The A4 has Apple’s AirPlay built in, which means you can control it wirelessly from the iPhone, iPad, and the newer iPods and desktop Macs. AirPlay does not work on older Macs like my 2009 MacPro. The Wi-Fi signal gets dropped after five or ten minutes. But it communicates fine playing iTunes tracks from my 2011 MacBook Pro. If you have an Android device, the A4 also comes with HTC, which allows you to stream music from your smartphone to the A4. HTC stands for a Taiwan outfit, High Tech Corporation, that manufactures smartphones including the Android. (We did not test HTC or Android.)

AirPlay is an Apple protocol that sends audio to the speaker, and it only works on Apple devices.

The A4 is compact but not exactly minimalist. A rectangle measuring 14-3/16 x 8-5/16 x 6-11/16 inches, it weighs a hefty 11 pounds. I planted mine in the living room and that’s where it will stay. If you want something more portable, look around for a smaller Bluetooth speaker. There are lots of good ones on the market, though their range is not as extensive as the less common Wi-Fi/AirPlay speakers. Typically if you’re using Bluetooth you have to be in the same room as the speaker, or very nearby. With the Wi-Fi/AirPlay speakers, you can send music from any place in your house where you have a wireless signal, which means the whole house for most people.

The A4 requires that you establish a connection to your home’s wireless network before you can start streaming music to it. There are two ways to do this, both explained in Pioneer’s convoluted user manual. The wireless direct method, which basically involves pressing one button on the rear of the unit, is easiest, if it works. (See below.) This method did not work for me so I used one of the Ethernet ports on the rear of the speaker to connect a cable to the ethernet port on my Wi-Fi extender.

Pioneer rear

You can do the same thing by connecting the speaker directly to your router, but my router lives in my home office and the speaker lives in the living room. I was not prepared to run a 40 or 50 foot Ethernet cable through the house. The Wi-Fi extender looks just like a router and repeats the Wi-Fi signal so that you can cover a wider area in your home or business. My review of a recommended product is here.
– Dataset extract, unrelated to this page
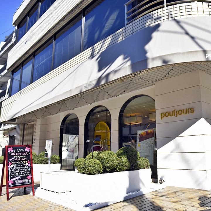東京メトロの表参道駅から青山通りを西へ進み、路地を少し入ったところに「pourjours(プールジュール)」はあります。優雅な白い建物とビビッドカラーを差し色に使った内装、そしてカラフルかつシックなパッケージのデザインは、世界的なデザイナー、クラウディオ・コルッチ氏によるものです。

Our reviews editor, John Nemo, was able to connect A4 to his iPhone 5 via Pioneer’s quirky wireless direct method. Sound and performance were very good. Nemo advises users of this method to be aware that this method takes over your device’s Wi-Fi signal, meaning your iPhone or other player can not simultaneously stream audio to the speaker and still be on the network for typical email, web, and iOS functions.

For this reason, MyMac and Pioneer agree that wireless direct is best suited for a party or travel or other special situation where ordinary Wi-Fi is not needed, or with a dedicated device that is not in day to day iOS usage. Be aware, as stated above, that the printed Pioneer instructions are comprehensive, but are not especially user-friendly for non-techies.

A4 XW-SMA4-K Wireless Speaker is a quality product with many more features than can be covered here. It’s powerful enough to be heard throughout your house but nuanced enough for more intimate listening, too.